* TASK BRIEF
Copy exactly the lines starting at the one that contains "فستان ابيض واسود فخم" and running through the end of the material below. Exclude any pictures.

========

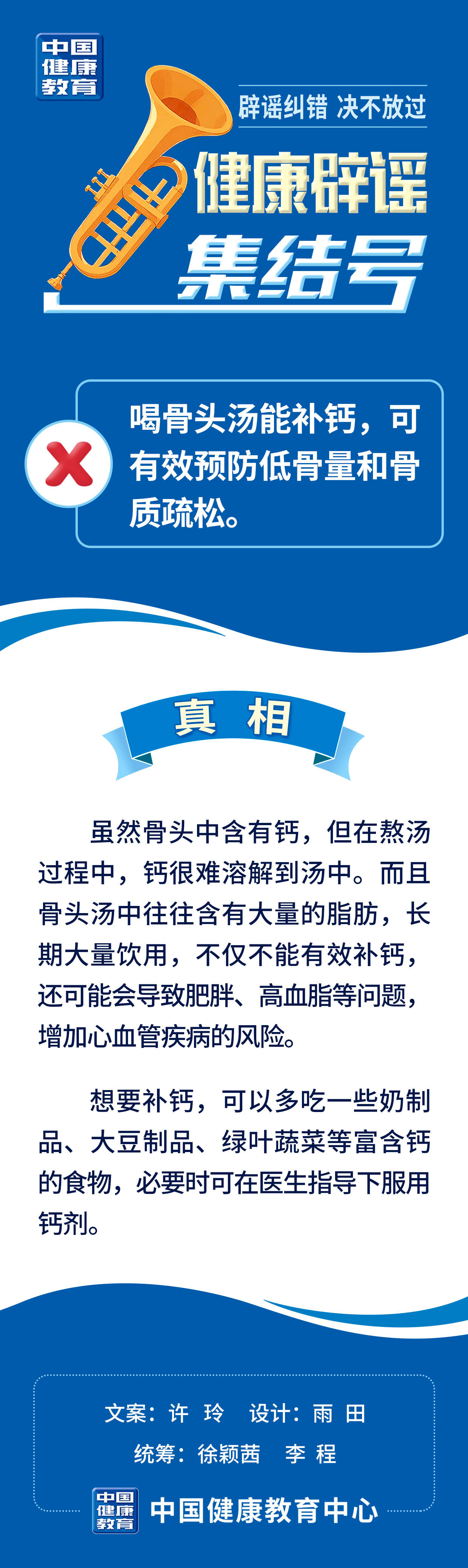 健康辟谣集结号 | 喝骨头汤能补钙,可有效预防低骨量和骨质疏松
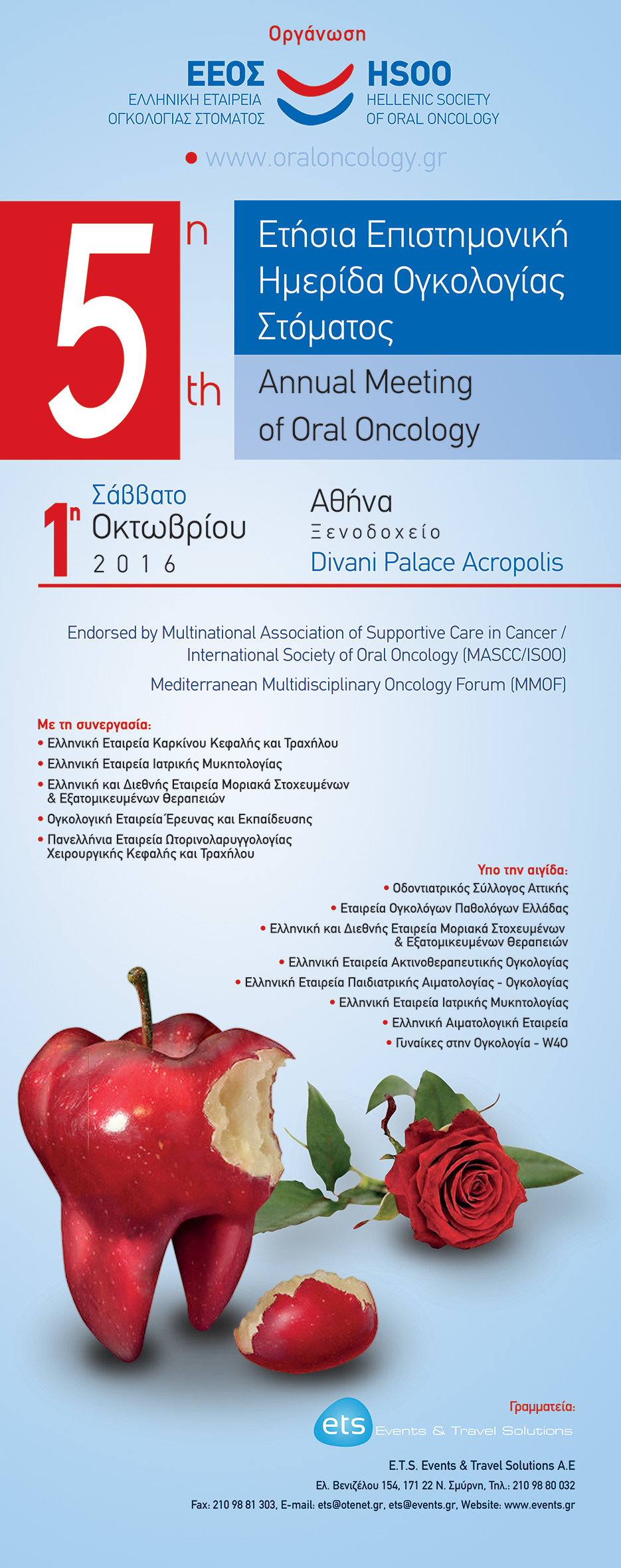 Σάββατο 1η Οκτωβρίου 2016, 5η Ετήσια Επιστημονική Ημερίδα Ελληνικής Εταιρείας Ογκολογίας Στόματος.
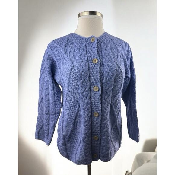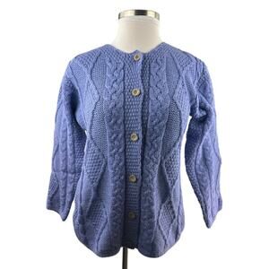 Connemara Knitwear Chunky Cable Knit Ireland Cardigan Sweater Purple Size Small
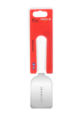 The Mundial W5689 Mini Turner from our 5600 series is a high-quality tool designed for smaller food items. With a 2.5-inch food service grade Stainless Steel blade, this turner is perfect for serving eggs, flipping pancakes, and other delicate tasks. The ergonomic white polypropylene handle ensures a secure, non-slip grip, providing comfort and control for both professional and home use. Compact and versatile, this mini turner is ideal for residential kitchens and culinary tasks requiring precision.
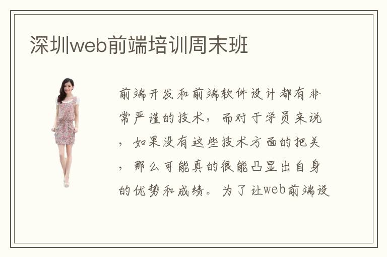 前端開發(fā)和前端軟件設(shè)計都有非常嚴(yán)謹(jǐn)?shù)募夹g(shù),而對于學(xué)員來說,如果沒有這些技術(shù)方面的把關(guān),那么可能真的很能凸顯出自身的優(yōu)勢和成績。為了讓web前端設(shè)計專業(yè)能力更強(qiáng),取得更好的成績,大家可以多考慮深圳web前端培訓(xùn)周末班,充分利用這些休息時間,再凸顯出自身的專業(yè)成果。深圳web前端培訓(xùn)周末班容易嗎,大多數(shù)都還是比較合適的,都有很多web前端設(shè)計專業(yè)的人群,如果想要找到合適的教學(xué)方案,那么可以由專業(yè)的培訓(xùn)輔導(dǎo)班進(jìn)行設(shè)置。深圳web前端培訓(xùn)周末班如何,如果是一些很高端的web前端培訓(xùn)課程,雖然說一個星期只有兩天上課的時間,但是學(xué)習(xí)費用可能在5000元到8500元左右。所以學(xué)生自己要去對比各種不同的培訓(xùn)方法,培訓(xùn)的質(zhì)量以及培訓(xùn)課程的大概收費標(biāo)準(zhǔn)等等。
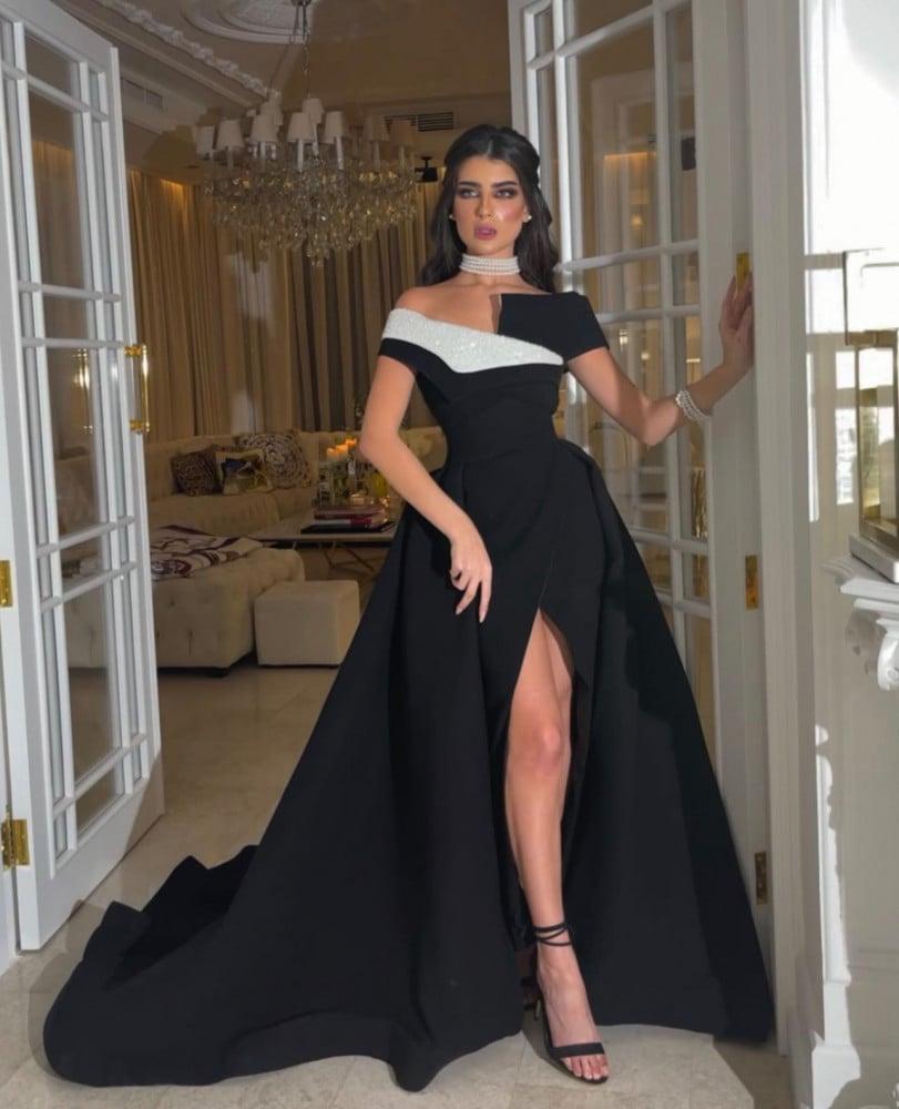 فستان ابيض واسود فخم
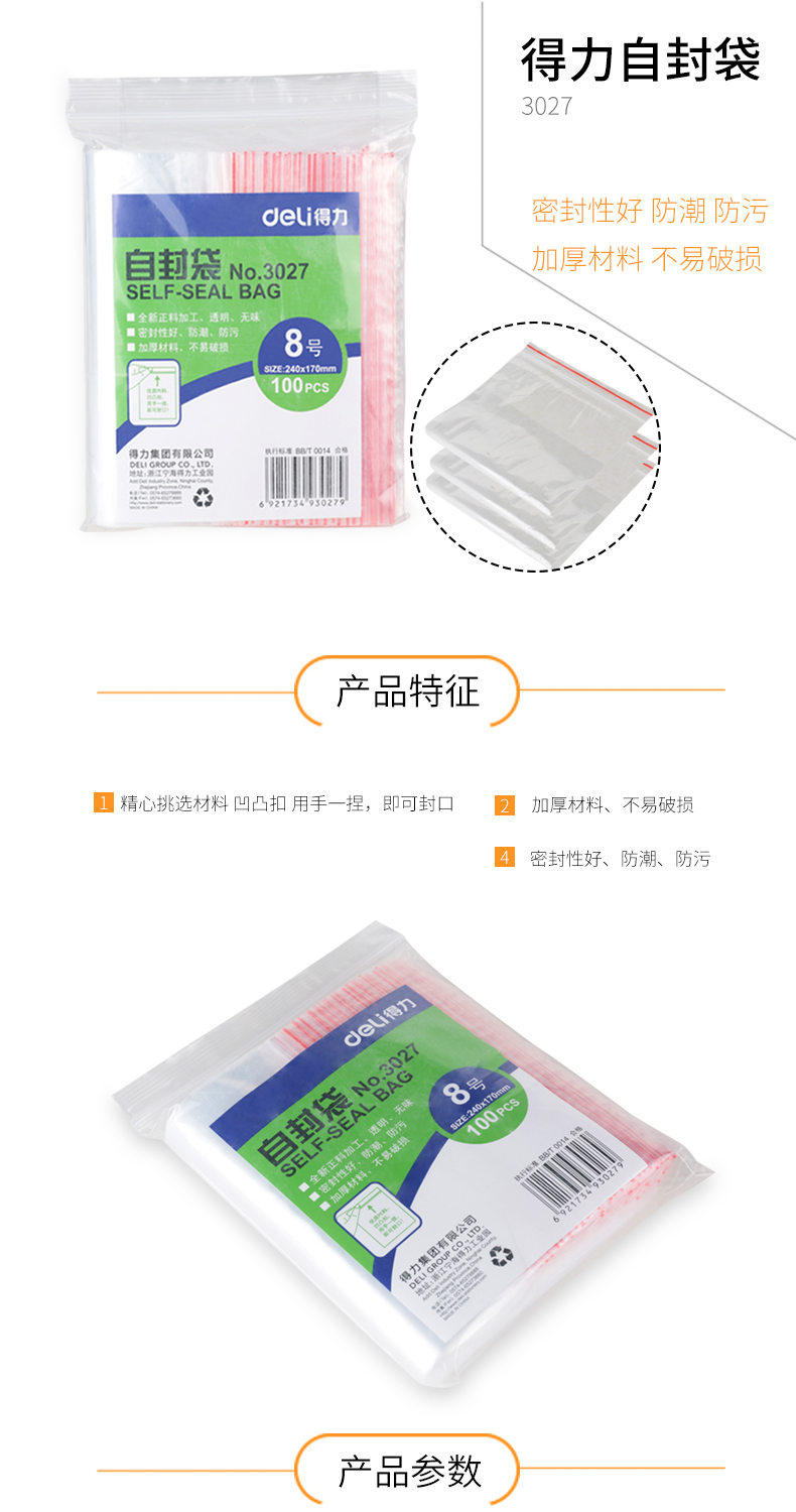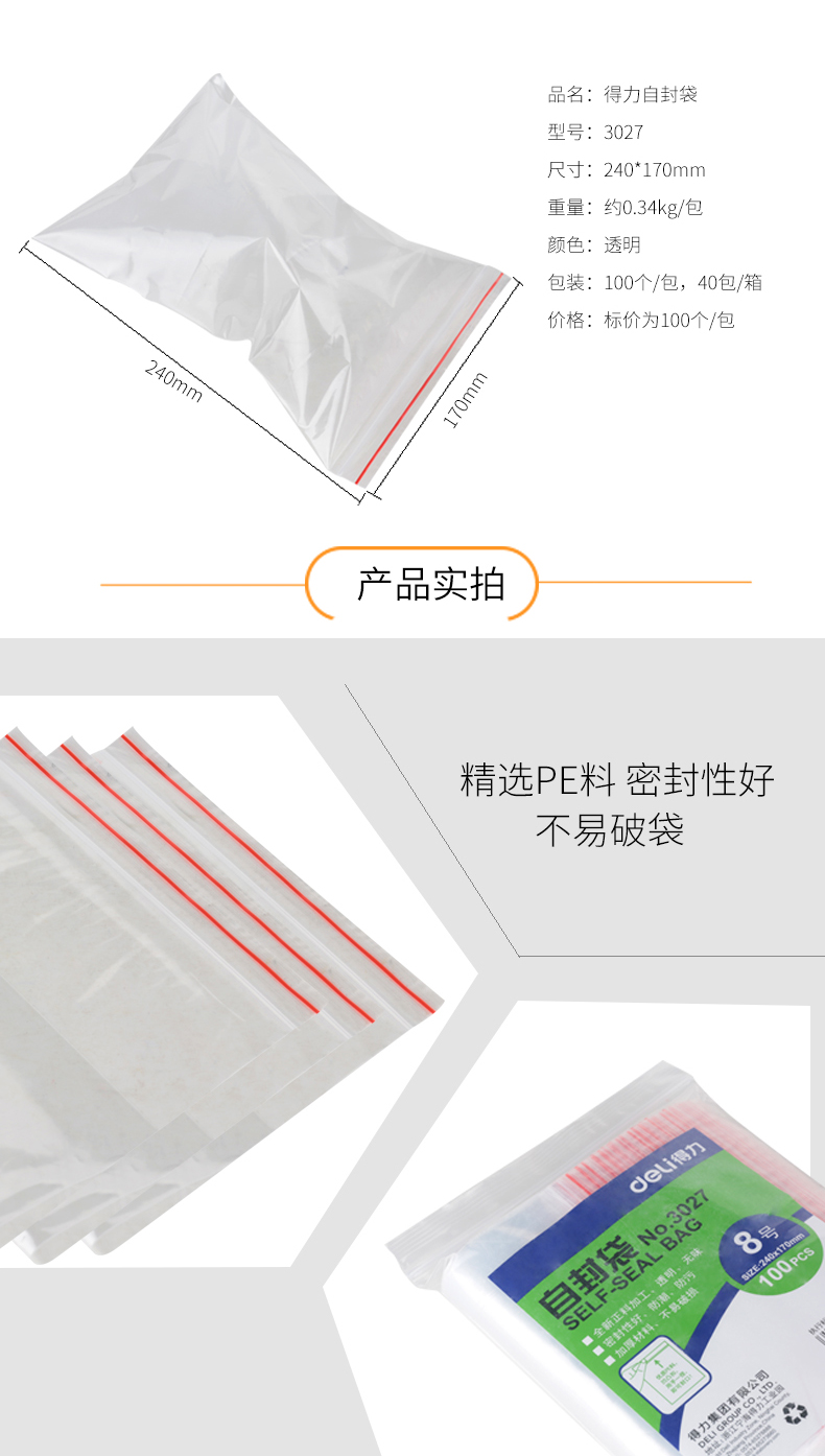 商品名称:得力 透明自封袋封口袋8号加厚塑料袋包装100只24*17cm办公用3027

========

* RESULT OF THIS EXERCISE
 فستان ابيض واسود فخم
 商品名称:得力 透明自封袋封口袋8号加厚塑料袋包装100只24*17cm办公用3027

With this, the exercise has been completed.